Summary
holding that a defense which only alleges that the defendant saw the plaintiff's vehicle lawfully stopped and applied the brakes but the vehicle nonetheless slid or skidded into the plaintiff's vehicle as insufficient to rebut the inference of negligence created by the unexplained rear-end accident
Summary of this case from Dejesus v. RafaelOpinion
Submitted April 29, 1999
July 19, 1999
In an action to recover damages for personal injuries, the plaintiffs appeal from an order of the Supreme Court, Nassau County (Lockman, J.), dated June 25, 1998, which denied their respective motions for partial summary judgment on the issue of liability.
Alan J. Stern, Garden City, N.Y., for appellant Janice K. Schmidt and Bernard G. Chambers, Garden City, N.Y., for appellant William Schmidt (one brief filed).
Lewis, Johs, Avallone, Aviles Kaufman, Melville, N Y (Christine Malafi of counsel), for respondent.
DAVID S. RITTER, J.P., FRED T. SANTUCCI, DANIEL F. LUCIANO, HOWARD MILLER, JJ.
DECISION ORDER
ORDERED that the order is reversed, on the law, with costs, the motions for partial summary judgment are granted, and the matter is remitted to the Supreme Court, Nassau County, for further proceedings.
The plaintiffs were injured when their vehicle, which was stopped as it waited to make a left turn, was struck in the rear by the defendant's vehicle. The defendant testified that she was aware that the plaintiffs' left turn signal was illuminated and that traffic was slowing down. However, she believed that the plaintiffs intended to turn left further up the block, and when she applied her brakes she skidded on the wet pavement and struck the rear of the plaintiffs' vehicle. The defendant further admitted that the plaintiffs' vehicle was stopped at the moment of impact.

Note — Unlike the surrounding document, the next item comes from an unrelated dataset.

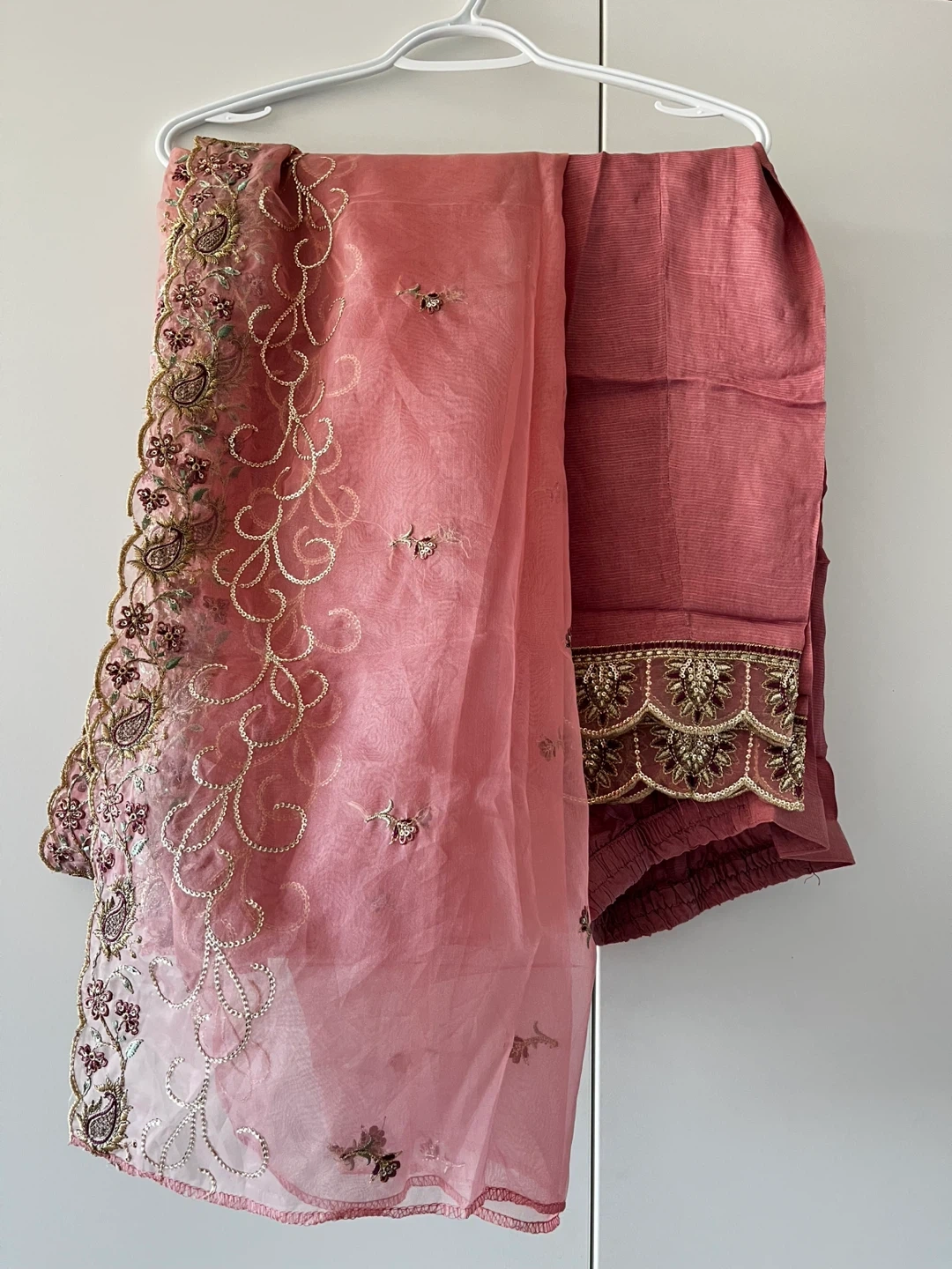 Beautiful salwar kameez suit with intricate embroidery. The set includes a kameez (tunic), salwar (pants), and dupatta (scarf). The colour is a lovely shade of pink. Perfect for special occasions!

It is well settled that where a vehicle is lawfully stopped, there is a duty imposed upon the operators of vehicles traveling behind it to come to a timely halt ( Miller v. Irwin, 243 A.D.2d 546; Ayoub v. Dufont, 229 A.D.2d 368; Parise v. Meltzer, 204 A.D.2d 295). Moreover, "[a] defense which only alleges that the defendant saw the plaintiff's vehicle [lawfully stopped] * * * that the brakes of the vehicle were applied, but the vehicle nevertheless slid or skidded into the plaintiff's vehicle * * * has been held insufficient to rebut the inference of negligence created by the unexplained rear-end collision ( see, Benyarko v. Avis Rent A Car Sys., 162 A.D.2d 572, 573; Young v. City of New York, 113 A.D.2d 833)" ( Pincus v. Cohen, 198 A.D.2d 405, 406 [emphasis supplied]; cf., Copeman v. Moran, 236 A.D.2d 507).
Applying these principles to the circumstances of this case, the defendant was liable as a matter of law and thus the plaintiffs are entitled to summary judgment on the issue of liability.